(EXERCISE PROMPT)
All of the entries below need repeating exactly, apart from their images.

Recorded data:
┌──

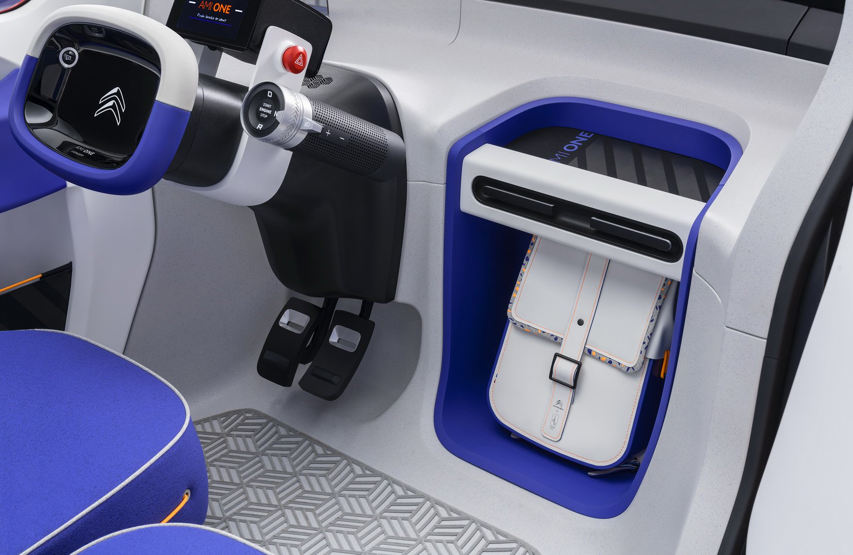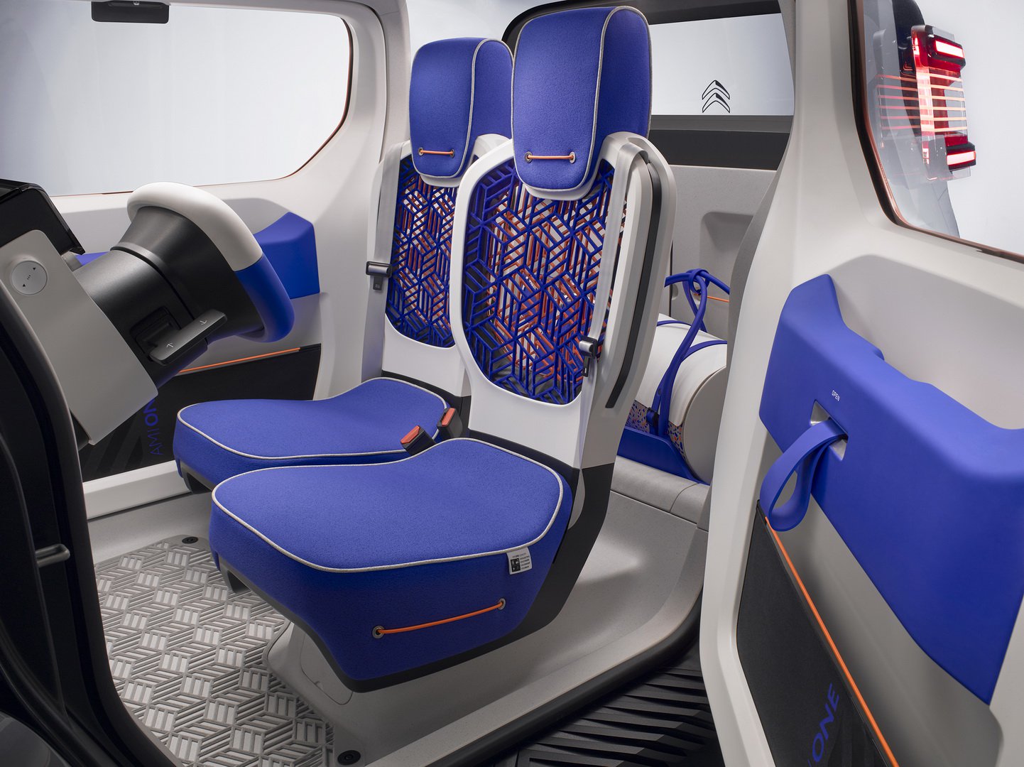 Les designers d’Ami One Concept ont imaginé pour le siège conducteur (sur glissière) et le siège passager (fixe), une disposition asymétrique. Ceci afin de gagner en espace au niveau des épaules et d’offrir une aisance de mouvement à chacun des occupants. Les généreux coussins d’assises et les appui-têtes se distinguent par un textile Bleu profond d’inspiration ameublement " outdoor " facile à entretenir, agrémenté d’élastiques Orange.
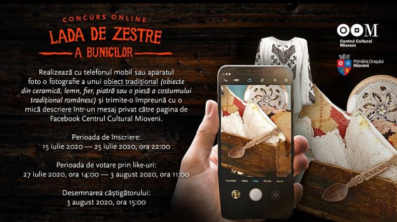 Ca urmare a amânării, pe moment, a Festivalului-Concurs Național de Folclor „Mioveni”, ediția a II-a, Centrul Cultural și Primăria orașului Mioveni lansează concursul online „Lada de zestre a bunicilor”, adresat iubitorilor de artă și cultură tradițională care doresc să contribuie la promovarea patrimoniului cultural cu obiecte pe care omul gospodar le are în casă sau le păstrează din trecutul familiei.
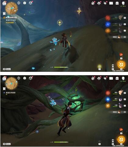 打破里面第二个封印后,往前走,然后往天上看,用四叶印上去开传送锚点然后继续跟着任务指引来到三个封印面前,打破这个绿球进入机器人驾驶内部
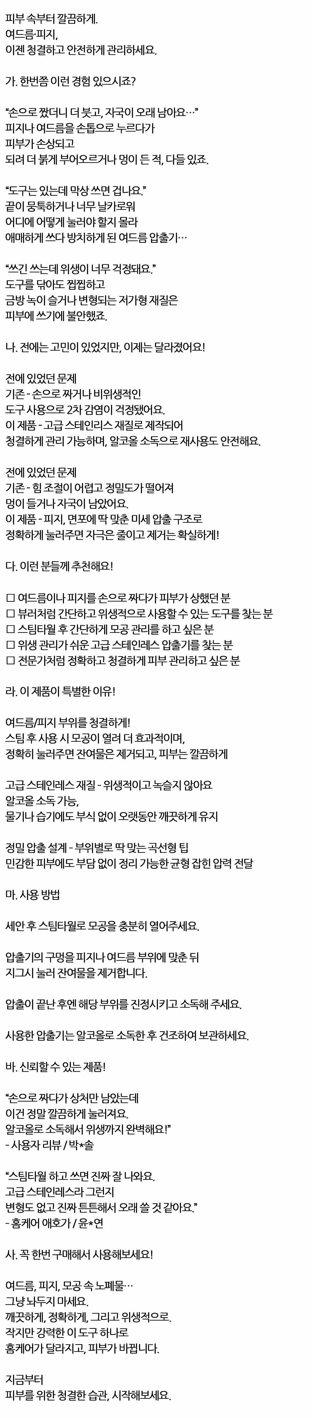 손으로 짰더니 붓고 자국이 남아요 스텐 피지 압출기
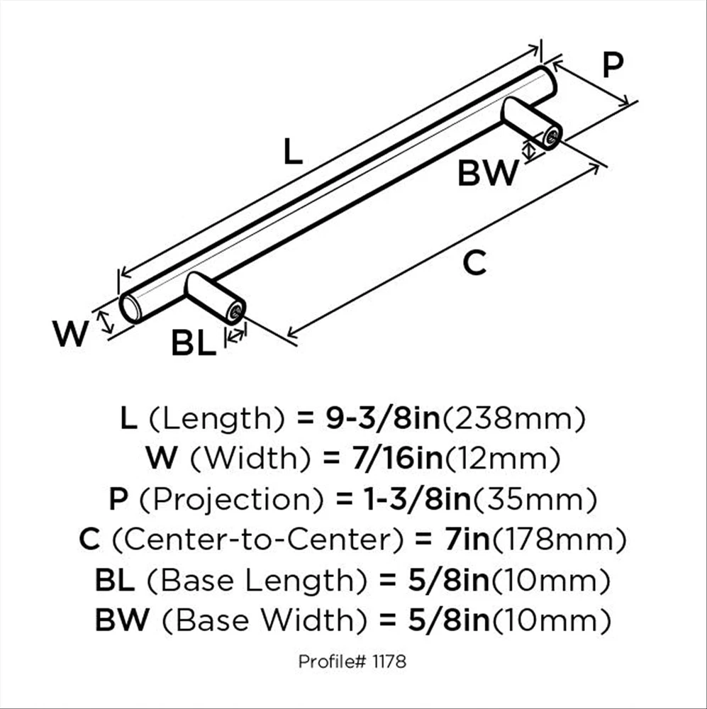 The 10BX1178G10 Bar Pulls 7 in (178 mm) Center-to-Center Pull is finished in Satin Nickel. Modern functionality meets straightforward styling. Simple. Bold. True. The sleek and sophisticated design of the Bar Pulls Collection makes a statement with clean lines and smooth textures. Enduring and versatile, satin nickel marries delicate brushing with a subtle warm hue to produce an approachable, classic presentation that resonates across all design styles. Founded in 1928, ’s award-winning home solutions including decorative and functional cabinet hardware, bath accessories, decorative hooks and wall plates have built the company’s reputation for chic design accessories that inspire homeowners to express their personal style. offers a variety of styles and finishes at affordable prices that add the perfect finishing touch to any room VERSATILE - Contemporary style adds an easy designer upgrade to any cabinet drawer, cabinet door or furniture piece DURABLE - High quality construction for lifelong durability PACK of 10 - Includes necessary mounting hardware for easy installation - Coordinates seamlessly with finishes from popular plumbing and lighting brands DISCLAIMER - We do our best to show colors accurately, but they might look different on your screen due to individual monitor settings
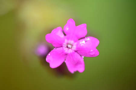 Flower with five purple petals and yellow stamens. Out of focus background and selective focus and bokeh effect

└──

(ANSWER TO THIS PROBLEM)
 Les designers d’Ami One Concept ont imaginé pour le siège conducteur (sur glissière) et le siège passager (fixe), une disposition asymétrique. Ceci afin de gagner en espace au niveau des épaules et d’offrir une aisance de mouvement à chacun des occupants. Les généreux coussins d’assises et les appui-têtes se distinguent par un textile Bleu profond d’inspiration ameublement " outdoor " facile à entretenir, agrémenté d’élastiques Orange.
 Ca urmare a amânării, pe moment, a Festivalului-Concurs Național de Folclor „Mioveni”, ediția a II-a, Centrul Cultural și Primăria orașului Mioveni lansează concursul online „Lada de zestre a bunicilor”, adresat iubitorilor de artă și cultură tradițională care doresc să contribuie la promovarea patrimoniului cultural cu obiecte pe care omul gospodar le are în casă sau le păstrează din trecutul familiei.
 打破里面第二个封印后,往前走,然后往天上看,用四叶印上去开传送锚点然后继续跟着任务指引来到三个封印面前,打破这个绿球进入机器人驾驶内部
 손으로 짰더니 붓고 자국이 남아요 스텐 피지 압출기
 The 10BX1178G10 Bar Pulls 7 in (178 mm) Center-to-Center Pull is finished in Satin Nickel. Modern functionality meets straightforward styling. Simple. Bold. True. The sleek and sophisticated design of the Bar Pulls Collection makes a statement with clean lines and smooth textures. Enduring and versatile, satin nickel marries delicate brushing with a subtle warm hue to produce an approachable, classic presentation that resonates across all design styles. Founded in 1928, ’s award-winning home solutions including decorative and functional cabinet hardware, bath accessories, decorative hooks and wall plates have built the company’s reputation for chic design accessories that inspire homeowners to express their personal style. offers a variety of styles and finishes at affordable prices that add the perfect finishing touch to any room VERSATILE - Contemporary style adds an easy designer upgrade to any cabinet drawer, cabinet door or furniture piece DURABLE - High quality construction for lifelong durability PACK of 10 - Includes necessary mounting hardware for easy installation - Coordinates seamlessly with finishes from popular plumbing and lighting brands DISCLAIMER - We do our best to show colors accurately, but they might look different on your screen due to individual monitor settings
 Flower with five purple petals and yellow stamens. Out of focus background and selective focus and bokeh effect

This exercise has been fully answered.